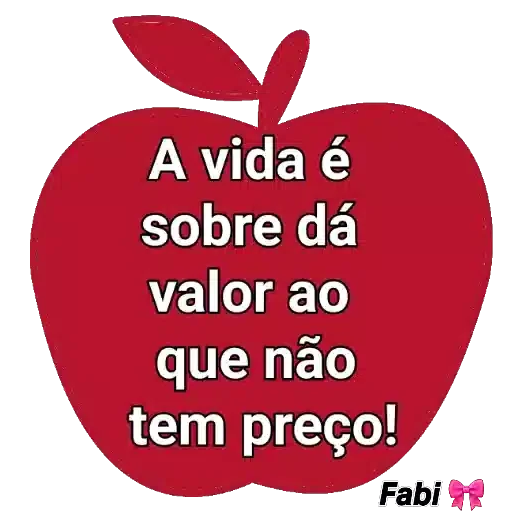 Uma maçã vermelha com uma folha verde no topo, contendo o texto "A vida é sobre dá valor ao que não tem preço!" em letras brancas.
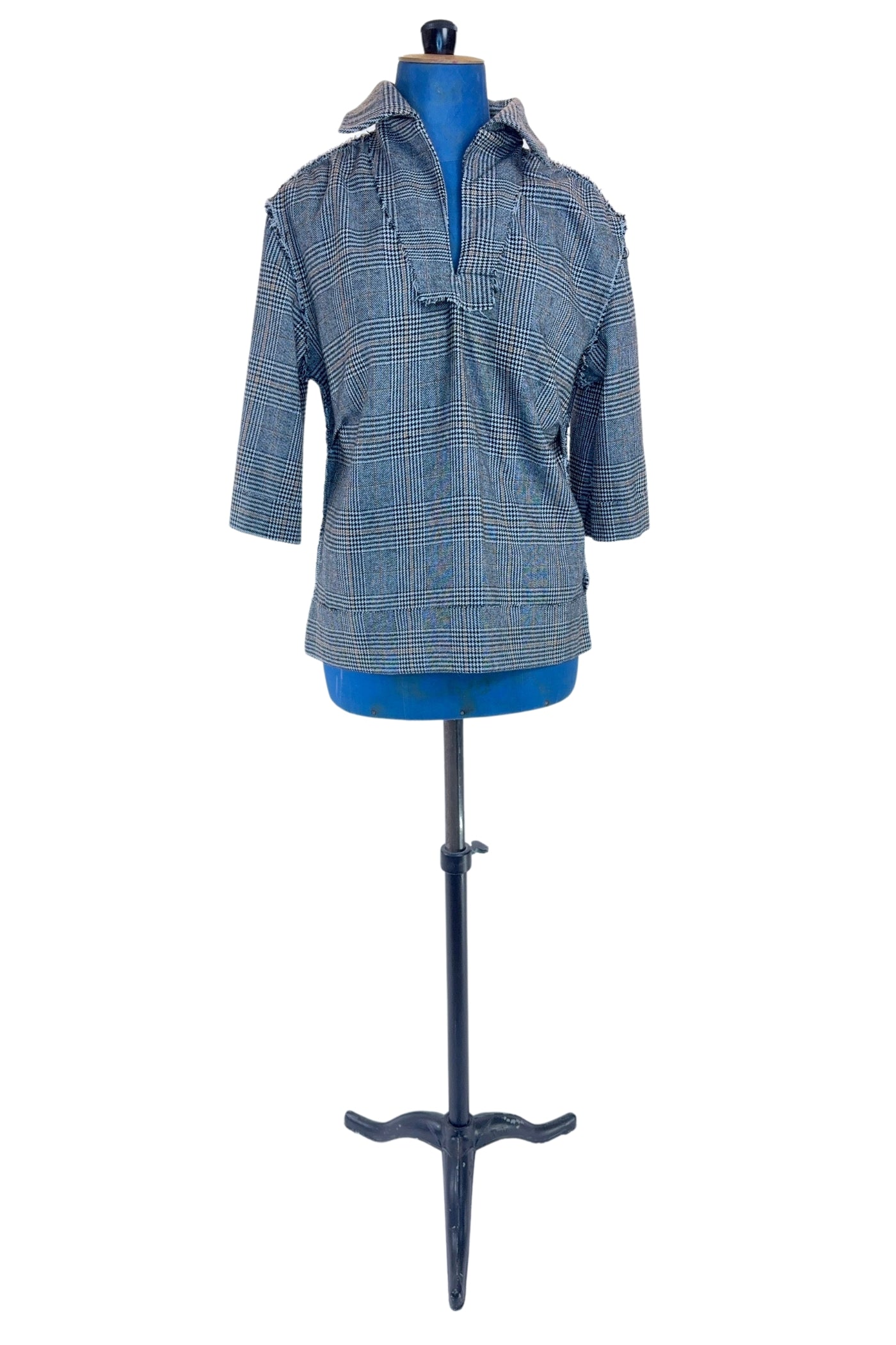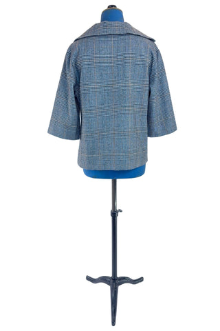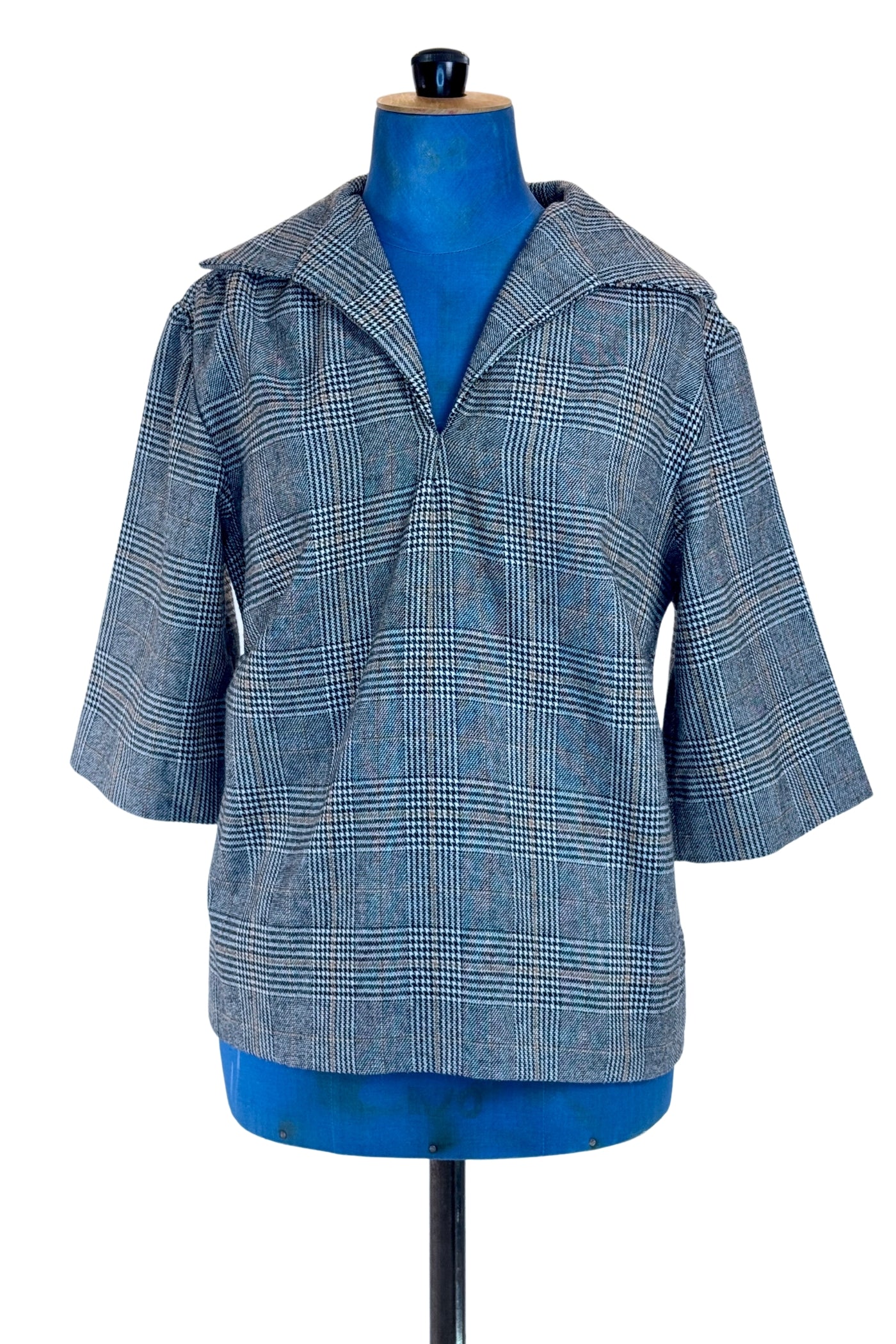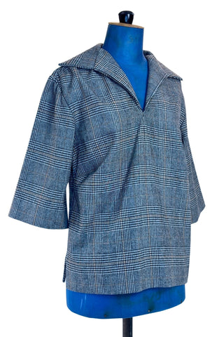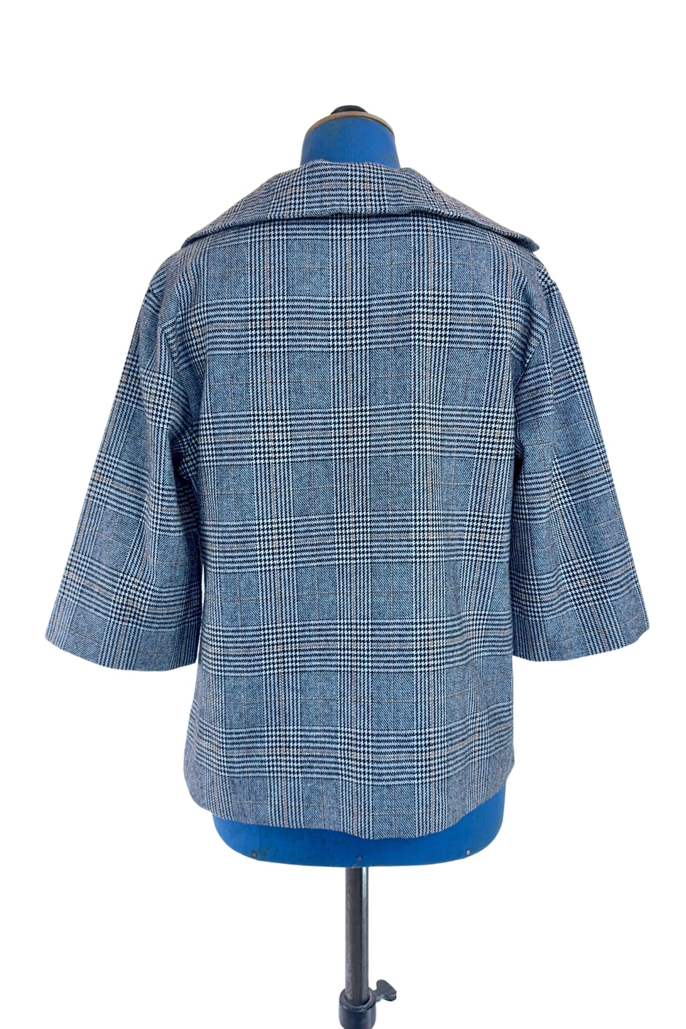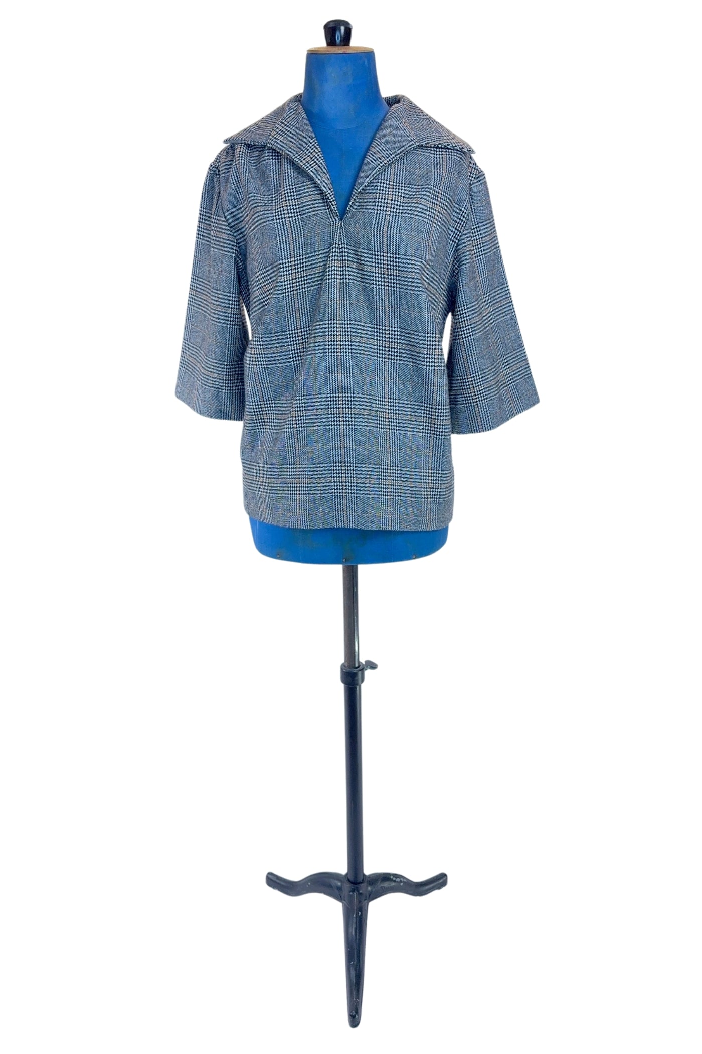 Toss on this effortless vintage 1960s wool top with jeans for a casual vintage vibe, or pair with skinny cigarette pants for an elevated daytime look. The medium-weight plaid fabric is a wool blend.
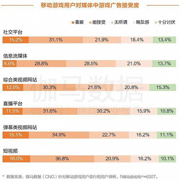 伽马数据用户调查显示,在各类媒体中,移动游戏用户对于短视频平台的广告接受程度最高。表示喜爱和能接受的用户合计占比超过五成,表示略反感和十分讨厌的用户合计占比26.3%,也较其他类型的媒体占比低。

Your instructions: Apart from the pictures, all of the data must be duplicated exactly as shown above.

Written solution:
 Uma maçã vermelha com uma folha verde no topo, contendo o texto "A vida é sobre dá valor ao que não tem preço!" em letras brancas.
 Toss on this effortless vintage 1960s wool top with jeans for a casual vintage vibe, or pair with skinny cigarette pants for an elevated daytime look. The medium-weight plaid fabric is a wool blend.
 伽马数据用户调查显示,在各类媒体中,移动游戏用户对于短视频平台的广告接受程度最高。表示喜爱和能接受的用户合计占比超过五成,表示略反感和十分讨厌的用户合计占比26.3%,也较其他类型的媒体占比低。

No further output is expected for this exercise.